The presence of an object can be detected with proximity sensors, and there are different kind of sensor technologies including ultrasonic sensors, capacitive, photoelectric, inductive, or magnetic. Tracking objects can work using proximity sensors.
Topic Detection from Image
In natural images, some documents are embedded and many more objects are shown through which one can identify topic. Text detection is identification of text from natural images. Basic digital image processing techniques are used to detect text from images. This includes pre-processing, extraction or text localization, classification and character detection. The different classification methods used are
In machine learning and natural language processing, a topic model is a type of statistical model for discovering the abstract “topics” that occur in a collection of documents. Topic modelling is a frequently used text-mining tool for discovery of hidden semantic structures in a document.
Large amount of data is collected every day. As more information becomes available, it becomes difficult to access what we are looking for. So, we need tools and techniques to organize, search and understand vast quantities of information.
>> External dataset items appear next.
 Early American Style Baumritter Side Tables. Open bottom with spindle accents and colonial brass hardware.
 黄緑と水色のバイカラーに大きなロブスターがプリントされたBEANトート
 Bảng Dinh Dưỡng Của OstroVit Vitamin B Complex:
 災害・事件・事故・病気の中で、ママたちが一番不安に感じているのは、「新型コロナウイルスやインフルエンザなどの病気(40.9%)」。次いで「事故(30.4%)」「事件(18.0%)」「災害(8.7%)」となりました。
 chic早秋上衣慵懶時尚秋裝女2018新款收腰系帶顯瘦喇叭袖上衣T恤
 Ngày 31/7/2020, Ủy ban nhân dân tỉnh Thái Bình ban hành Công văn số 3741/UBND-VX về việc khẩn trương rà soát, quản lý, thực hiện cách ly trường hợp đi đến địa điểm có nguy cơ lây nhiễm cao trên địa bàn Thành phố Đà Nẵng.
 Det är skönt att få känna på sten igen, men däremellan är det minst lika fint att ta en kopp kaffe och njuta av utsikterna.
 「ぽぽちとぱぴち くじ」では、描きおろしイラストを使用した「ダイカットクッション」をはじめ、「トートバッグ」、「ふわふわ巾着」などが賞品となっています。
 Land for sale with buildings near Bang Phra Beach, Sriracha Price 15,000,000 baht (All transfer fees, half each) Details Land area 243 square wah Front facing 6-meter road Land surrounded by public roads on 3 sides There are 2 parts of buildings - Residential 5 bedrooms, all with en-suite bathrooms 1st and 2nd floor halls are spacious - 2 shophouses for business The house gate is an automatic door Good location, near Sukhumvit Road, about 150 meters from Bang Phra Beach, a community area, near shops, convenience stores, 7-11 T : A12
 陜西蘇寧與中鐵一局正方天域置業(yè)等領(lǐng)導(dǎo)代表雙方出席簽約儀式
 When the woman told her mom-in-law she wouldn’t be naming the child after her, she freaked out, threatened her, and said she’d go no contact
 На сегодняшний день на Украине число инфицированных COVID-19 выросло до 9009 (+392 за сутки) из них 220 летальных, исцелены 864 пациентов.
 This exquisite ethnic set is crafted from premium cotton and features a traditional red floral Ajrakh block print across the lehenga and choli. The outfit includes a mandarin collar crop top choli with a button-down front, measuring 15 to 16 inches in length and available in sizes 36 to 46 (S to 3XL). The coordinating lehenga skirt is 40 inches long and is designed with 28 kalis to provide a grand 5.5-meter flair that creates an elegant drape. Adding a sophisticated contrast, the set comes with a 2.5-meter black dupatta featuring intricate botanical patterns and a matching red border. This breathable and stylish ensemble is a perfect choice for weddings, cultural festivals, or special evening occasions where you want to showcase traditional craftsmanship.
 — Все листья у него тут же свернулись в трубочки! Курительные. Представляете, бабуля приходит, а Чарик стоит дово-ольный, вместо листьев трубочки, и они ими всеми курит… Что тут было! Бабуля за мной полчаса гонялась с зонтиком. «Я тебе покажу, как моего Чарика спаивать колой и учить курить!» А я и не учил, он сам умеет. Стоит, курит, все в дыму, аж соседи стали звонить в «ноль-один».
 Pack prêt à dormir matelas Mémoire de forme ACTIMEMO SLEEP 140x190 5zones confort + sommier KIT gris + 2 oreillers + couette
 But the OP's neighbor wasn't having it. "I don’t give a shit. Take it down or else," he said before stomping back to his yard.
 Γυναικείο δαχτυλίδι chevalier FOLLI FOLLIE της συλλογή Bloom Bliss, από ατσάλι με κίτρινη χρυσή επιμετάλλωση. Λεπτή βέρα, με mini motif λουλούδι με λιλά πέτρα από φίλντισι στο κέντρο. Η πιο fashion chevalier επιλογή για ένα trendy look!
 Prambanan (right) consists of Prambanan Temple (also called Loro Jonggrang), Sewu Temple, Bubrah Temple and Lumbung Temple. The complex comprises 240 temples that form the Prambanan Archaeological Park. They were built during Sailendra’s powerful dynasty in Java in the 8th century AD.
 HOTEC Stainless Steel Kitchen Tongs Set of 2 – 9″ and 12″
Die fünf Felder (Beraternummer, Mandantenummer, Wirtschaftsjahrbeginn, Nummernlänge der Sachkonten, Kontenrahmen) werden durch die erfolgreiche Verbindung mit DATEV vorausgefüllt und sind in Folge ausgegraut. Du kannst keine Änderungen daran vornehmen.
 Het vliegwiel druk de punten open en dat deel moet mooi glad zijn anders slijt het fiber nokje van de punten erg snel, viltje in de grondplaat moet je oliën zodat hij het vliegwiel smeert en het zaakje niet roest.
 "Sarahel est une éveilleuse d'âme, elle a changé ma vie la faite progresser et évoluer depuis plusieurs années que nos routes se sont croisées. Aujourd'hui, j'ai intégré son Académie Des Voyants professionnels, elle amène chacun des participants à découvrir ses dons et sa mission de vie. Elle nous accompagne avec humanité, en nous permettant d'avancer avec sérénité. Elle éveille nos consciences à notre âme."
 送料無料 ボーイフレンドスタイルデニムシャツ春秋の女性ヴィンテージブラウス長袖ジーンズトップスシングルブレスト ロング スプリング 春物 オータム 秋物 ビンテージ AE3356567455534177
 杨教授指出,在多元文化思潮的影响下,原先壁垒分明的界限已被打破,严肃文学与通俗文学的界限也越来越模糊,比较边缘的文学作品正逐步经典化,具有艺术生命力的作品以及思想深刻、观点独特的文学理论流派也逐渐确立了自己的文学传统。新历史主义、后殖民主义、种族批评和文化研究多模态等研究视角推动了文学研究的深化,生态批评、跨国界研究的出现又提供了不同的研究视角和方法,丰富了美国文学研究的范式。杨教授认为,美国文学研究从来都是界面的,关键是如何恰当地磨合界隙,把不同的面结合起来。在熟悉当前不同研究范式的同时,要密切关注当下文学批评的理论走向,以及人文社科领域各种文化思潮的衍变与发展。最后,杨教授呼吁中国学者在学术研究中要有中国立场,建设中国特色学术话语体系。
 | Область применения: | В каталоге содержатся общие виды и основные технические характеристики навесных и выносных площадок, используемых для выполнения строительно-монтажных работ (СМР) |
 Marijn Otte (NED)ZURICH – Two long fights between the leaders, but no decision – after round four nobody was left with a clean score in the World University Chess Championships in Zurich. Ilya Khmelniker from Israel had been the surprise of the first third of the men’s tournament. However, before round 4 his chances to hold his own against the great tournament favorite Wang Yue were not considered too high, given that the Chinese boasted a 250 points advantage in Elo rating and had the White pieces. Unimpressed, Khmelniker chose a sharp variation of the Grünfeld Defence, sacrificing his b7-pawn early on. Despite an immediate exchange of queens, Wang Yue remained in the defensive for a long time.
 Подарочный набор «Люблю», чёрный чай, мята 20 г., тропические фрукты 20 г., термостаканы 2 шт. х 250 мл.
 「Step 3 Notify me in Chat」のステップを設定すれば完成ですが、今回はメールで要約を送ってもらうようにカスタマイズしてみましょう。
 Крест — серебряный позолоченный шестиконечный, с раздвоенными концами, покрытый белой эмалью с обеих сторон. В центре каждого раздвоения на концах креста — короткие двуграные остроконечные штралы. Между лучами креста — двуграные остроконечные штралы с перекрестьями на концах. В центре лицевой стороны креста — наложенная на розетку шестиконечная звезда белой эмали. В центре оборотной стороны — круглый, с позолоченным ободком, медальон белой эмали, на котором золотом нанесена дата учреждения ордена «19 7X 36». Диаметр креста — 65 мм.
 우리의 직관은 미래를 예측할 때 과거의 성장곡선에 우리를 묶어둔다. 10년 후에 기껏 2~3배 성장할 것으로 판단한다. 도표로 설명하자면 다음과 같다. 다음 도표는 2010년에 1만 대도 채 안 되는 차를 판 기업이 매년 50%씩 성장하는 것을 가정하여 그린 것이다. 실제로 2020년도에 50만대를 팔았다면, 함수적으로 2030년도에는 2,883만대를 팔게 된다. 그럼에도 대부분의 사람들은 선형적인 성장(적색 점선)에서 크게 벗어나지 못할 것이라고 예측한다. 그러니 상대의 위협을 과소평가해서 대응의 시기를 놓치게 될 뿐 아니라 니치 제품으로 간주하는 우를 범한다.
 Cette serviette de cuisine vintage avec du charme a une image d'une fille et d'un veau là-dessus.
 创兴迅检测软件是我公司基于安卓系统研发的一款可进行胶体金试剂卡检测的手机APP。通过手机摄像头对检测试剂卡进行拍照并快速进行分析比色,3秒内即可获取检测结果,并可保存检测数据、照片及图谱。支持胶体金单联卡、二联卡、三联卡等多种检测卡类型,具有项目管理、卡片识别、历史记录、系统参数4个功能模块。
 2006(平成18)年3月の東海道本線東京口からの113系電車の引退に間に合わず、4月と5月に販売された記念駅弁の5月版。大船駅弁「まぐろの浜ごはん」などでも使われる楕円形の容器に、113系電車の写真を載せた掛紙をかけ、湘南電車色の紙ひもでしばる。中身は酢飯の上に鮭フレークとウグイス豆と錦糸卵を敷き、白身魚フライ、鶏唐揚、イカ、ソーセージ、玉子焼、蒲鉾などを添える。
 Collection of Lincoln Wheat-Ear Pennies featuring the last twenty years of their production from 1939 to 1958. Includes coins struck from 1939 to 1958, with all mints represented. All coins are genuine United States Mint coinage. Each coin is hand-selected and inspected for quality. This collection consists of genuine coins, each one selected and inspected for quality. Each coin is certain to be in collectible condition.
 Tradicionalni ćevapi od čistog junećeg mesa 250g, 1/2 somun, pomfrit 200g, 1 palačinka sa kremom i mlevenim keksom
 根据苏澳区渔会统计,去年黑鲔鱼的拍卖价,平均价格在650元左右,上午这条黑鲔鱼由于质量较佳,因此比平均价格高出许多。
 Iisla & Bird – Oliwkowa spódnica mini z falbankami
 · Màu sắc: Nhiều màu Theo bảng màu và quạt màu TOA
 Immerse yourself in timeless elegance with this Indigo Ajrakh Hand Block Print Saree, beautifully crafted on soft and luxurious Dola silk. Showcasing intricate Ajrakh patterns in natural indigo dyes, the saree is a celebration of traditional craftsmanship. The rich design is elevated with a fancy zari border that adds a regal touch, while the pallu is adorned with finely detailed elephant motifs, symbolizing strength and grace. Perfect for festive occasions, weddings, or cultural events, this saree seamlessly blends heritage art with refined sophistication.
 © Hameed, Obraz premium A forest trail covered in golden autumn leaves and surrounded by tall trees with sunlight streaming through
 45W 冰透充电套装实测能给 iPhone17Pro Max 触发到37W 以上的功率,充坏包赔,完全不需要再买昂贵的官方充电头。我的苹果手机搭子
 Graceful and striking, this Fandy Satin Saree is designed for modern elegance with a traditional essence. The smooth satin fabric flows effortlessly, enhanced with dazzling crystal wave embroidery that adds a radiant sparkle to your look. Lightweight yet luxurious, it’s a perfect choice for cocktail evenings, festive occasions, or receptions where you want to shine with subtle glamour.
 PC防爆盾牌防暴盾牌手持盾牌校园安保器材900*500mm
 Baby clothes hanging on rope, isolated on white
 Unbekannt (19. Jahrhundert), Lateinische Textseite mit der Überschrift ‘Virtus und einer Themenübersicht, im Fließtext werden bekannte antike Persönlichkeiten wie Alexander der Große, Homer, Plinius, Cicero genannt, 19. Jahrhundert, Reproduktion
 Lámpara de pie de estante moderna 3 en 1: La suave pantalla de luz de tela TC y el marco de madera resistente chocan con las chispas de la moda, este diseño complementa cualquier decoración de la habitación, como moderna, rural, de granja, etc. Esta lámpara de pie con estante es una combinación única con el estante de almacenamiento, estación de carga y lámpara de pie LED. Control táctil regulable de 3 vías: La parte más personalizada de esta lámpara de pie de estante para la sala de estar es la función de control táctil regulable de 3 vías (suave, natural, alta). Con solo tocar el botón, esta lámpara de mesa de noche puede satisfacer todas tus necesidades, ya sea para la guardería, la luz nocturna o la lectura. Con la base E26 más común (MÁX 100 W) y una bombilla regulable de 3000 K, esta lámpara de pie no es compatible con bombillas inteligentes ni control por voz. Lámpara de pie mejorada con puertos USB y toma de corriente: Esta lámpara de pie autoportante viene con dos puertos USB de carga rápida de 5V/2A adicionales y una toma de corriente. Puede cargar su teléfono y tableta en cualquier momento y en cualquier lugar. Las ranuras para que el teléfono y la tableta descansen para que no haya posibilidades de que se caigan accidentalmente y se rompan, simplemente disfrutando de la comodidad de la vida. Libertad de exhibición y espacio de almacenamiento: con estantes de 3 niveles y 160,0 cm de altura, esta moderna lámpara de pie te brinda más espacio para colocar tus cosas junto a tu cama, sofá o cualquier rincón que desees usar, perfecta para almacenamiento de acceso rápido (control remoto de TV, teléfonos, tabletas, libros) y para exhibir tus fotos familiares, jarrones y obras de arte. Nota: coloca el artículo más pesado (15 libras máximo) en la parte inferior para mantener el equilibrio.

Topic modelling provides us with methods to organize, understand and summarize large collections of textual information. It helps in:
- Discovering hidden topical patterns that are present across the collection
- Annotating documents according to these topics
- Using these annotations to organize, search and summarize texts
Topic modelling can be described as a method for finding a group of words (i.e. topic) from a collection of documents that best represents the information in the collection. It can also be thought of as a form of text mining – a way to obtain recurring patterns of words in textual material.